Everyone looked at them quietly for a second as if unsure what to say. “I believe her,” Robby said after a second, twisting the black bracer on his arm just a little. “The kind of magic Drew uses is hard to use on the same person twice. He’d have had a hard time compelling so many people not to notice him when you’ve all already broken free of him once.”

Robby’s words seemed to be more convincing to everyone than Lee’s were, and Edwin wasn’t surprised. Fact notwithstanding that he knew exactly what he was talking about, people from small towns always trusted their own more than they trusted outsiders. Edwin would faster have trusted a boy from West Wood over something important than some woman from the capital who’d appeared to tell them everything would be fine.

“So where is he, then?” Millicent asked. Her parents hadn’t wanted her to come, but here she was, sitting on a stool, holding Rudy’s hand.

“We don’t know,” Edwin admitted. “We haven’t been able to find out where he went. The portals can only open to somewhere the person opening them has been before, and Drew hasn’t been that many places, but…”

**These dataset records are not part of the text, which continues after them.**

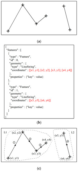 MultiLineString type vector data in GeoJSON: (a) MultiLineString type vector data; (b) GeoJSON format of the MultiLineString type vector data; (c) The direction of the line feature and visual representation of GeoJSON data structure of MultiLineString type vector data.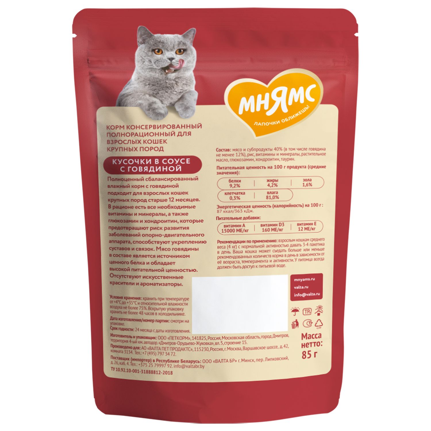 Влажный корм Мнямс На каждый день Кусочки в соусе с говядиной для крупных кошек 85 г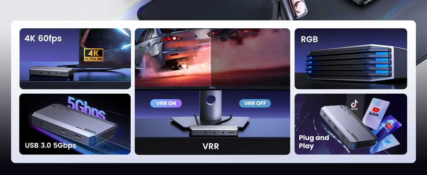 UGREEN 25173 4K@60Hz HDMI Capture Card – USB 3.0 Ultra HD Video Recorder with 1080P@240Hz, VRR, HDR for Streaming, Gaming (Compatible with PS5, Xbox, Switch, PC, Mac, iPad)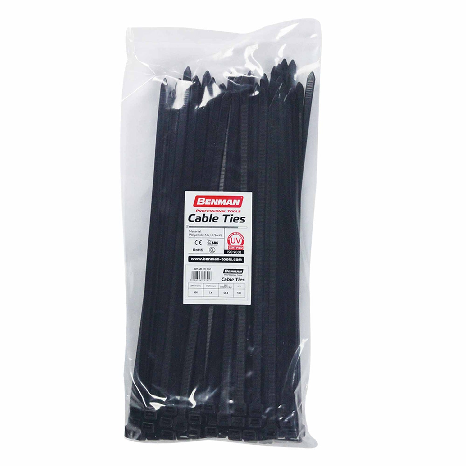 Curele negre de strângere Benman 100 buc, cu cleme interne care permit o bună etanșare pozitivă pe fasciculele de cabluri și țevi.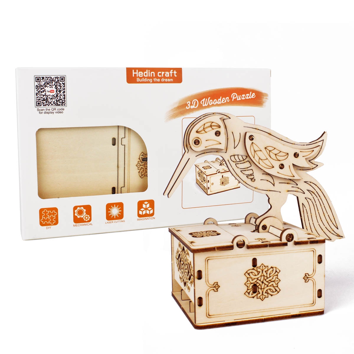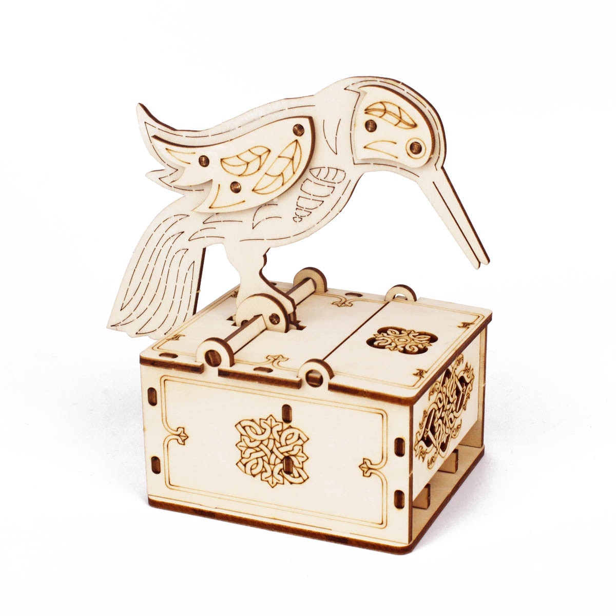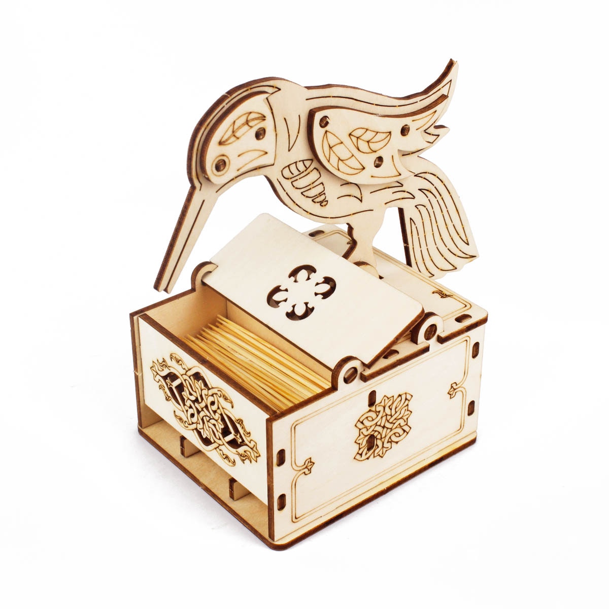 Assembling model of a cute woodpecker-shaped toothpick box. The compact model but hidden inside the smart toothpick box, the toothpick-pecking bird is a scientific masterpiece. A small bird can pick up a toothpick by itself and offer it to its owner, it's great that you own this smart bird, isn't it?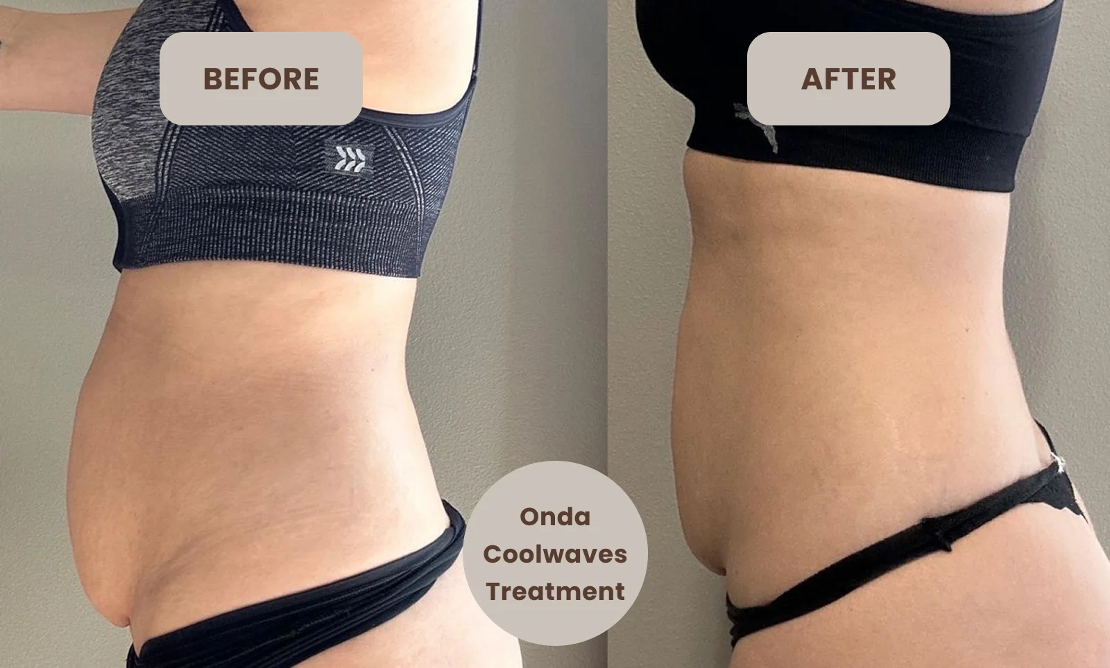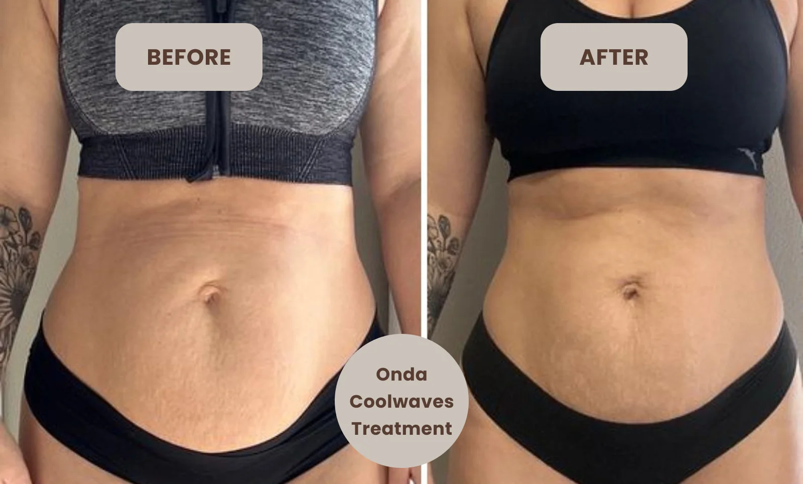 Onda Coolwaves delivers impressive results, with many clients noticing visible improvements after just a few sessions. The treatment targets fat cells, shrinking them to reveal a smoother, more toned appearance. Onda Coolwaves before-and-after results show significant reductions in body fat and a firmer, more sculpted physique. Most clients experience a noticeable change within a few weeks, with optimal results achieved after 3–4 sessions.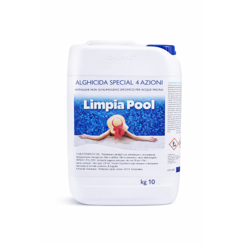Limpia Pool ANTIALGHE 4 AZIONI Alghicida Sistemico Azzurrante Piscine 10 KG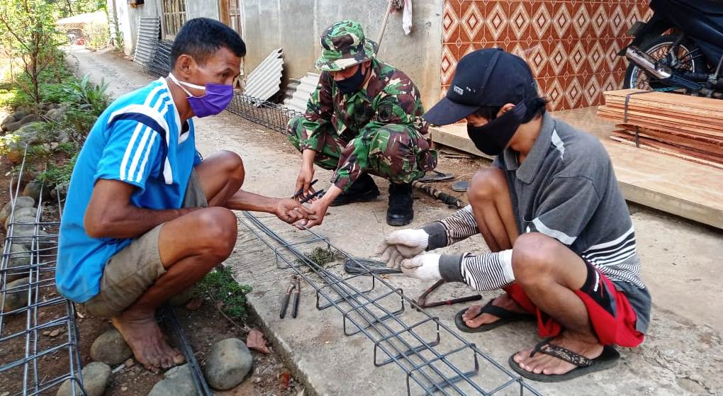 KORDANEWS – Anggota Satgas Tentara Manunggal Membangun Desa (TMMD) Reguler ke-109 tahun 2020 Kodim 0727/Karanganyar, di Desa Jatiwarno bersama dengan warga membuat begel slof untuk pondasi rumah tidak layak huni (RTLH).
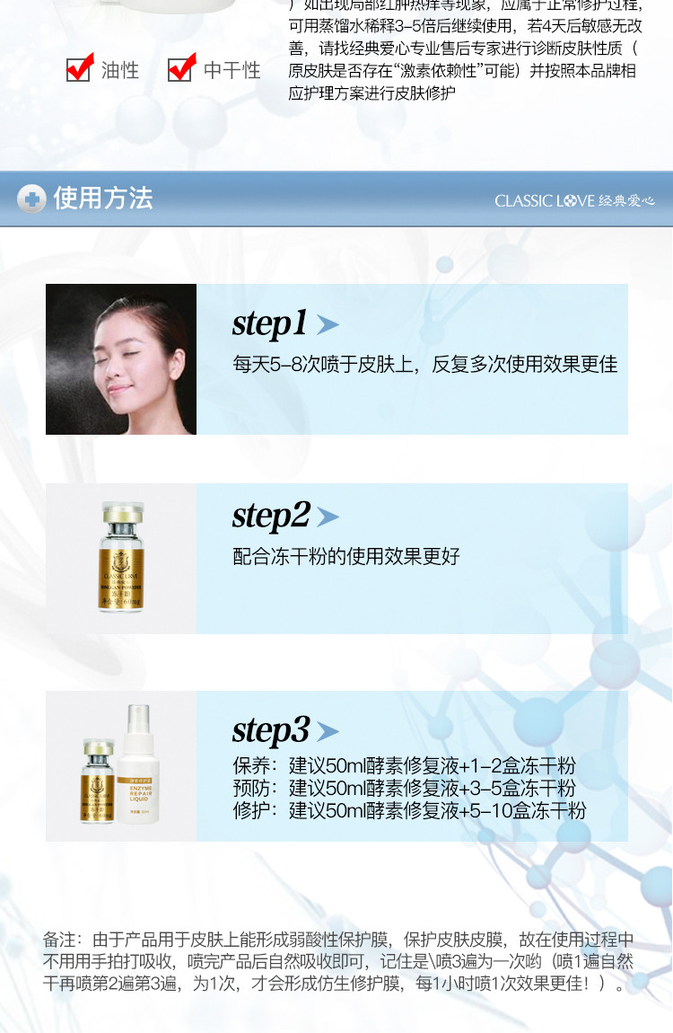 使用方法:直接喷于皮肤上,每天3—5次,轻拍至吸收,反复多次效果更佳;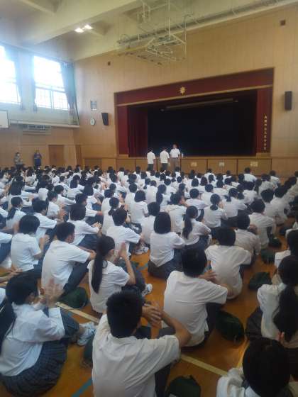 表彰式がありました。陸上部の生徒です。おめでとうございます。
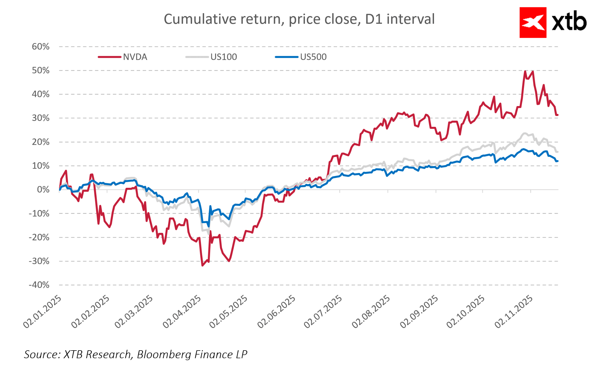 Kumulativní výnosy akcií ve srovnání s hlavními indexy ukazují silný investorský sentiment a výjimečný výkon společnosti Nvidia. Zatímco hlavní indexy letos vzrostly o 10–20 %, akcie Nvidie přinesly výnos přes 30 %, a to i přes nedávné korekce a vysokou volatilitu.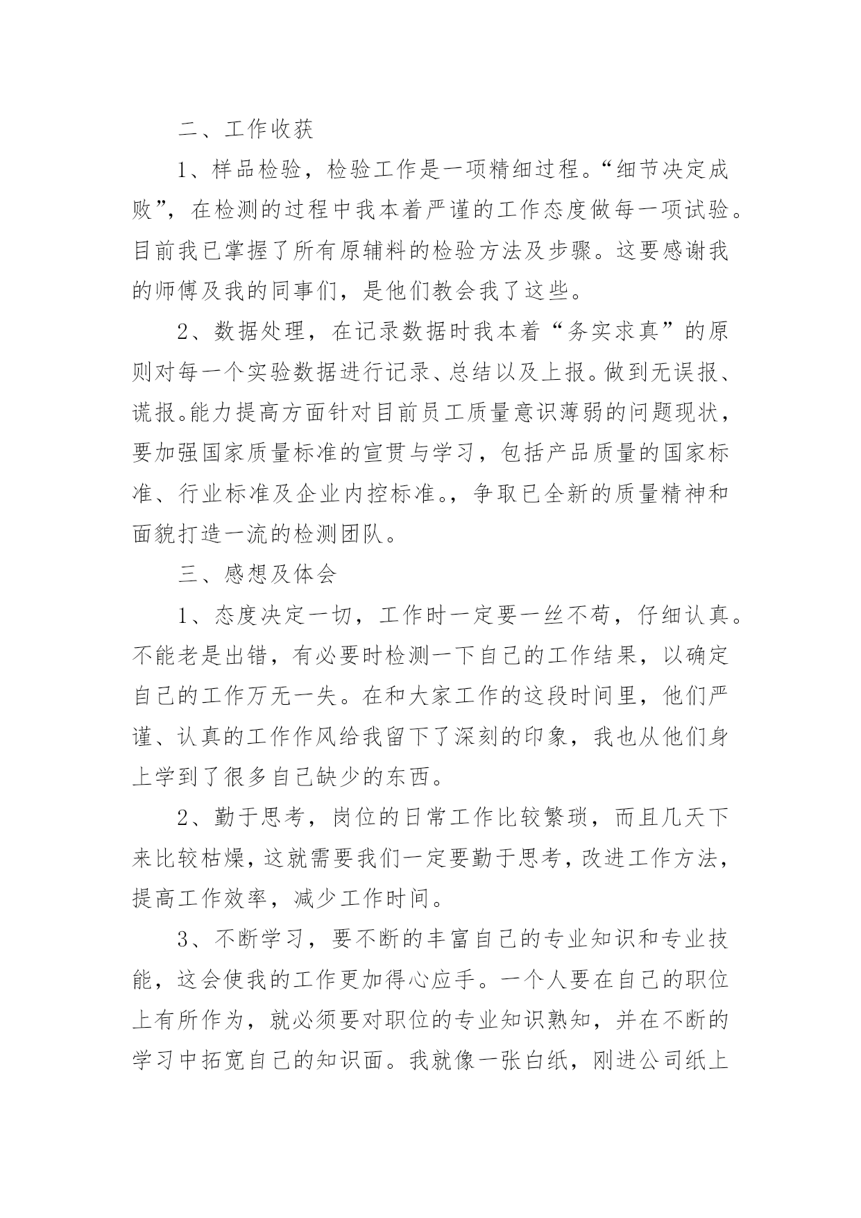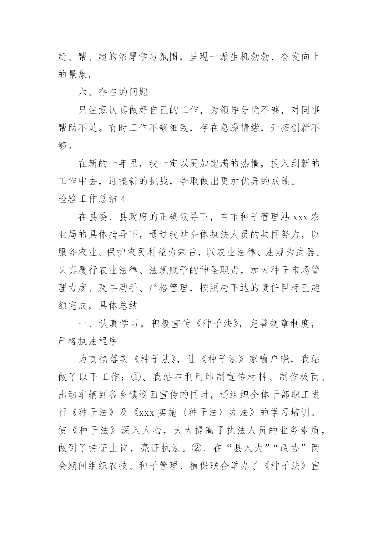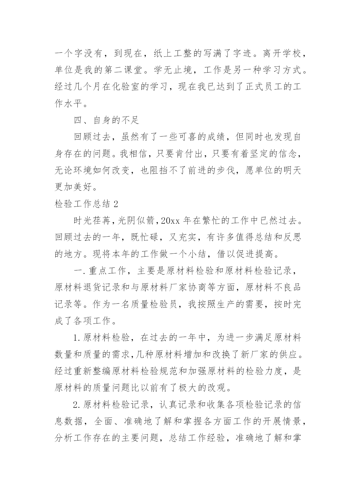 检验工作总结检验工作总结15篇总结是指社会团体、企业单位和个人在自身的某一时期、某一项目或某些工作告一段落或者全部完成后进行回顾检查、分析评价,从而肯定成绩,得到经验,找出差距,得出教训和一些规律性认识的一种书面材料,它可以提升我们发现问题的能力,因此十分有必须要写一份总结哦。总结你想好怎么写了吗?下面是小编为大家收集的检验工作总结,供大家参考借鉴,希望可以帮助到有需要的朋友。检验工作总结1尊敬的领导们:金秋将至,丹桂飘香,我十分荣幸能够在这里向大家汇报检验岗位上的工作成绩、存在的问题、以及今后的工作计划及建议:一、在工作态度上无论在工作还是生活中,我一直相信一分耕耘,一分收获,所以我一直在努力,不断努力学习,不断努力工作。热爱自己本职工作能够正确认证对待每一项工作,工作投入,按时出勤,有效利用工作时间,坚守岗位。表现出我们检验人员责任心强,发扬了我们检验人员连续工作、吃苦耐劳精神。二、工作收获1、样品检验,检验工作是一项精细过程。“细节决定成败”,在检测的过程中我本着严谨的工作态度做每一项试验。目前我已掌握了所有原辅料的检验方法及步骤。这要感谢我的师傅及我的同事们,是他们教会我了这些。2、数据处理,在记录数据时我本着“务实求真”的原则对每一个实验数据进行记录、总结以及上报。做到无误报、谎报。能力提高方面针对目前员工质量意识薄弱的问题现状,要加强国家质量标准的宣贯与学习,包括产品质量的国家标准、行业标准及企业内控标准。,争取已全新的质量精神和面貌打造一流的检测团队。三、感想及体会1、态度决定一切,工作时一定要一丝不苟,仔细认真。不能老是出错,有必要时检测一下自己的工作结果,以确定自己的工作万无一失。在和大家工作的这段时间里,他们严谨、认真的工作作风给我留下了深刻的印象,我也从他们身上学到了很多自己缺少的东西。2、勤于思考,岗位的日常工作比较繁琐,而且几天下来比较枯燥,这就需要我们一定要勤于思考,改进工作方法,提高工作效率,减少工作时间。3、不断学习,要不断的丰富自己的专业知识和专业技能,这会使我的工作更加得心应手。一个人要在自己的职位上有所作为,就必须要对职位的专业知识熟知,并在不断的学习中拓宽自己的知识面。我就像一张白纸,刚进公司纸上一个字没有,到现在,纸上工整的写满了字迹。离开学校,单位是我的第二课堂。学无止境,工作是另一种学习方式。经过几个月在化验室的学习,现在我已达到了正式员工的工作水平。四、自身的不足回顾过去,虽然有了一些可喜的成绩,但同时也发现自身存在的问题。我相信,只要肯付出,只要有着坚定的信念,无论环境如何改变,也阻挡不了前进的步伐,愿单位的明天更加美好。检验工作总结2时光荏苒,光阴似箭,20xx年在繁忙的工作中已然过去。回顾过去的一年,既忙碌,又充实,有许多值得总结和反思的地方。现将本年的工作做一个小结,借以促进提高。一.重点工作,主要是原材料检验和原材料检验记录,原材料退货记录和与原材料厂家协商等方面,原材料不良品记录等。作为一名质量检验员,我按照生产的需要,按时完成了各项工作。1.原材料检验,在过去的一年中,为进一步满足原材料数量和质量的需求,几种原材料增加和改换了新厂家的供应。经过重新整编原材料检验规范和加强原材料的检验力度,是原材料的质量问题比以前有了极大的改观。2.原材料检验记录,认真记录和收集各项检验记录的信息数据,全面、准确地了解和掌握各方面工作的开展情景,分析工作存在的主要问题,总结工作经验,准确地了解和掌握最近工作的实际情景,为原材料的质量工作作出快速的、正确的决策。3.原材料退货记录和与原材料厂家协商,认真记录和收集各项原材料退货记录的信息数据,全面、准确地了解和掌握原材料退货的过程情景,分析工作存在的主要问题。在与原材料厂家协商时能做到面面俱到,为解决原材料退货问题作出正确的决策。4.原材料不良品记录,认真记录和收集各项原材料不良品的信息数据,全面、准确地了解和掌握原材料不良品每月数据变化的过程及不良原因描述情景,为开展工作作出快速的、正确的决策。二.改善工作,要认真学习本职工作相关的专业知识及相关理论知识。在学习方法上做到找到重点,并结合自我在实际工作中处理的各种异常,有针对性地进行学习,不断提高自我的办公本事。1.根据对全面、准确地了解和掌握的信息数据配合车间对原材料使用情景,来改善原材料的某些数据和性能规范,做到真正适合车间使用的原材料性能规范。2.根据对全面、准确地了解和掌握的原材料不良品的信息数据及原因描述情景,针对原材料及其厂家为解决问题和开展工作作出快速的、正确的决策。三.其他工作1.全面、准确地了解和掌握车间使用原材料所出现的情景,为原材料解决问题和开展工作作出快速的、正确的决策。2.及时送样于实验室,收集其对样品原材料的资料数据配合掌握的原材料的信息数据及资料描述情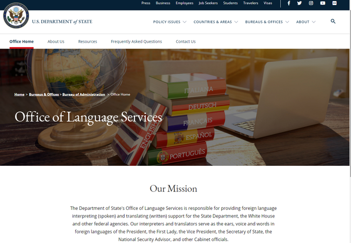 隶属于美国国务院的语言服务办公室(Office of Language Services)永久性直接雇佣职位非常少,只有约20名外交及会议口译,涉及十几种语言;还有12名笔译,涉及15种语言。而这个总计约35人的翻译团队,要为白宫和其他联邦机构服务,为总统及第一夫人、副总统、国务卿、国家安全顾问及其他内阁成员服务。因此,除了为数不多的永久雇员,该办公室长期外聘一千多名口译员和五百多名笔译员作为协助。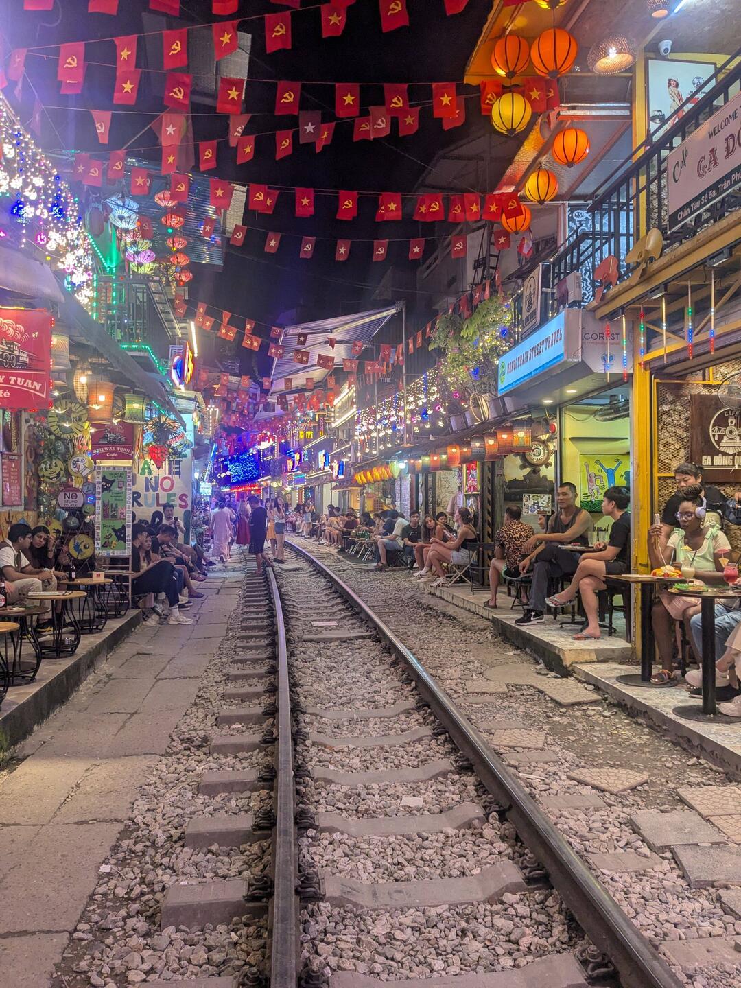 Auf die Hauptattraktion im Hanoi konnte ich natürlich nicht verzichten weshalb wir das noch als grand Finale erledigt haben. Auch wenn es total touristisch ist, hat es natürlich trotzdem seinen Charme mit den ganzen süßen Cafes und Beleuchtungen. Das Warten auf den Zug sorgt für ordentlich Vorfreude und der Moment wenn der Zug dann so nah an einem vorbeifährt ist schon lustig.

“But what, son?” Merle asked, only a little gruffly.

It was fair. Edwin shouldn’t hesitate. This was important, and his own nerves weren’t. Erik touched his back, just for a second. “But I think he had someone with him. My servants kept repeating to me that they’d never seen Drew or any other intruders in the keep. The fact that he made them so sure that there hadn’t been anyone else makes me think there probably was. Lee is going to try and see if she can find out who it might have been if there was someone, but since we don’t know, it’s better to assume he had help, which means that person could have helped him go anywhere.”

“Not anywhere,” Erik said.

“Right. Anywhere there’s a portal set up,” Edwin amended. The problem being that they didn’t know everywhere a portal was set up. Multiple people had access to the rings.

“Is that meant to be comforting?” a man named Antonio asked, face ashen. “This psychopath is just out there and nobody knows where he is?”

“Drew’s not a psychopath,” Robby said quietly.

“It’s not meant to be comforting,” Erik said, while Edwin looked at Robby. His body language suggested he didn’t want anyone to comment on what he’d said, so he didn’t. “It’s meant to be the truth. There’s no point in shielding you from that.”

“We don’t know Drew’s mental state,” Lee said. “When I last saw him, he was so badly traumatized he was emotionally and physically nonresponsive.”

He was traumatized?” a woman named Molly asked in a sneer.

“Yes.” Lee just nodded and kept talking. Edwin could tell she was a teacher. “He can be a victim and a victimizer simultaneously. I don’t see any way he could have just recovered from the aftereffects of Lyren’s death and decided to go live on a farm for the rest of his life. Chances are he thinks he can recreate what he had here. Possibly even bring Lyren back.”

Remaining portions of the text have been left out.